Skip the images and print the listing exactly.
(RECORDED INFORMATION begins)
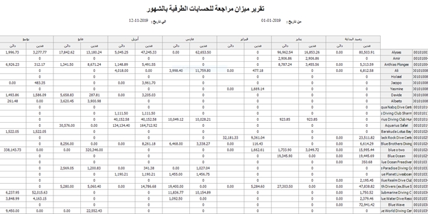 تقرير ميزان المراجعة للحسابات الطرفية بالشهور
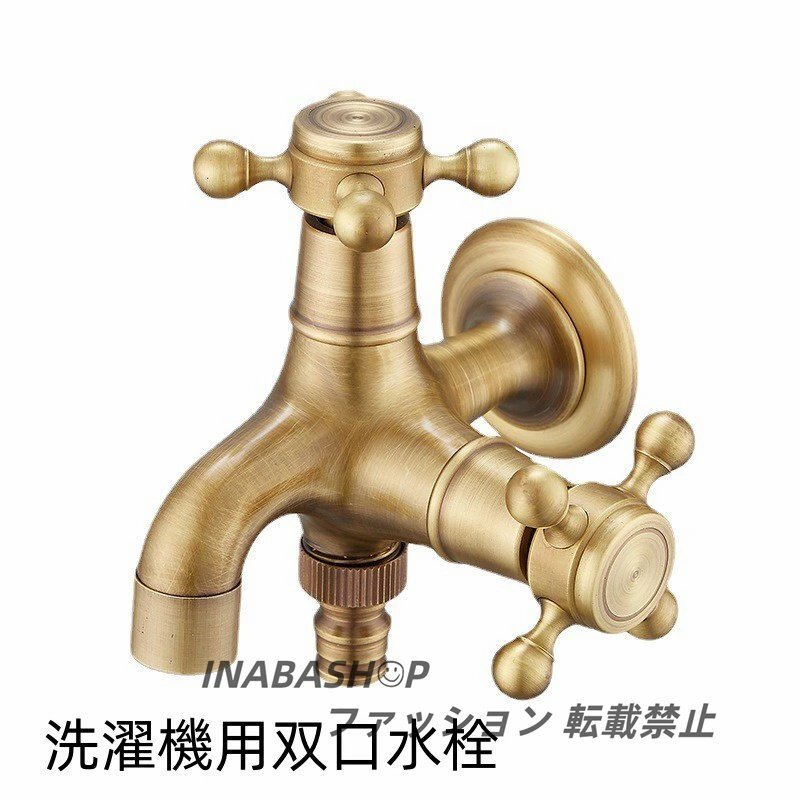 - 洗濯機用 蛇口 双口水栓 分岐 二股蛇口 2口水栓 銅 万能二口横水栓 表面処理 耐食性 二重水出口 二重ハンドル 混合水栓 蛇口 節水 水道
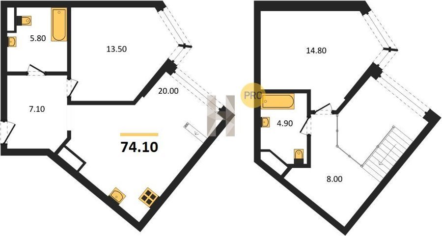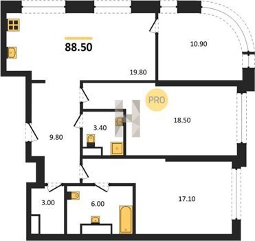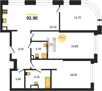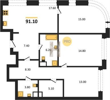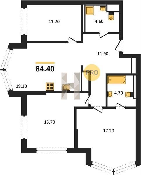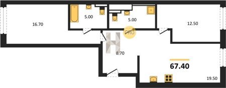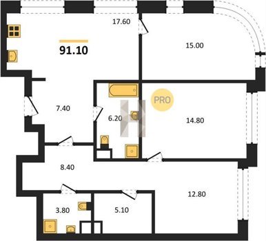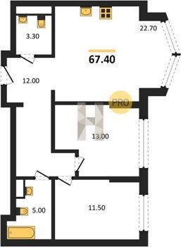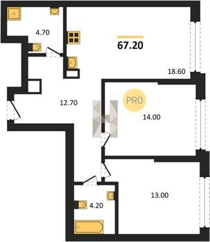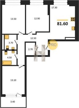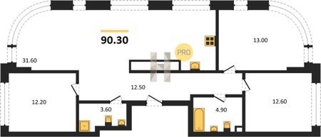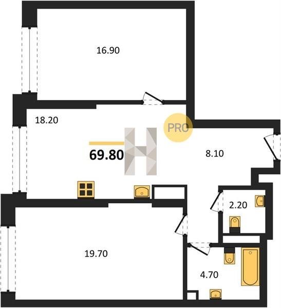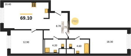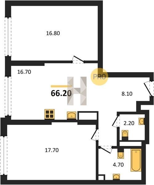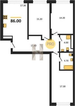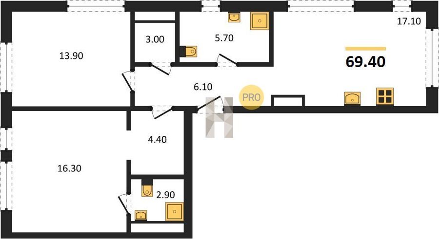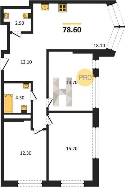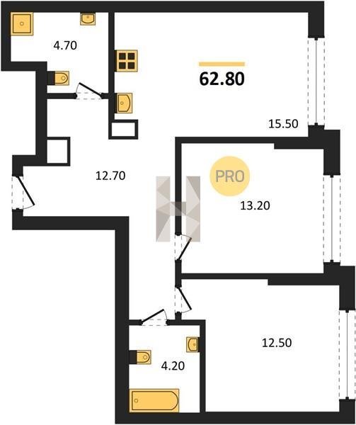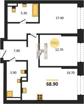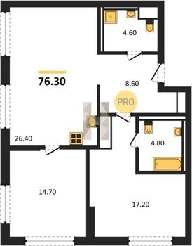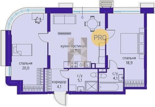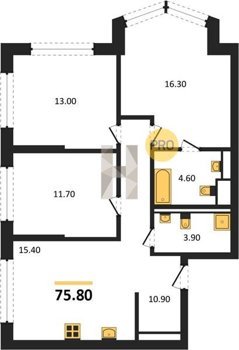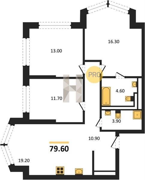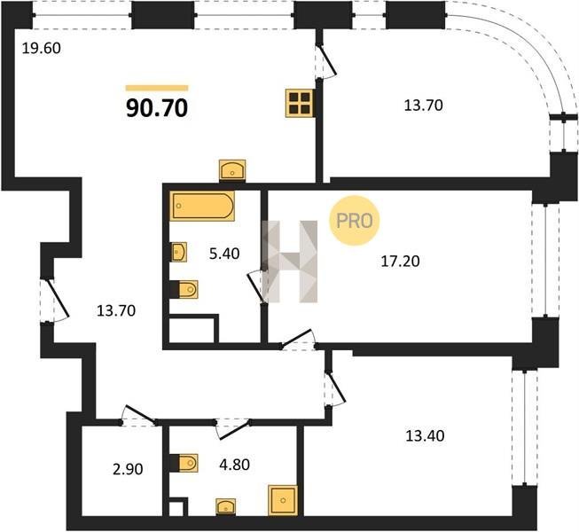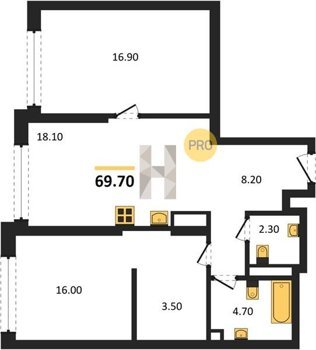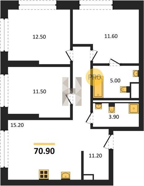 Площадь от 70.9 м2
(RECORDED INFORMATION ends)
▶ SOLUTION
 تقرير ميزان المراجعة للحسابات الطرفية بالشهور
 - 洗濯機用 蛇口 双口水栓 分岐 二股蛇口 2口水栓 銅 万能二口横水栓 表面処理 耐食性 二重水出口 二重ハンドル 混合水栓 蛇口 節水 水道
 Площадь от 70.9 м2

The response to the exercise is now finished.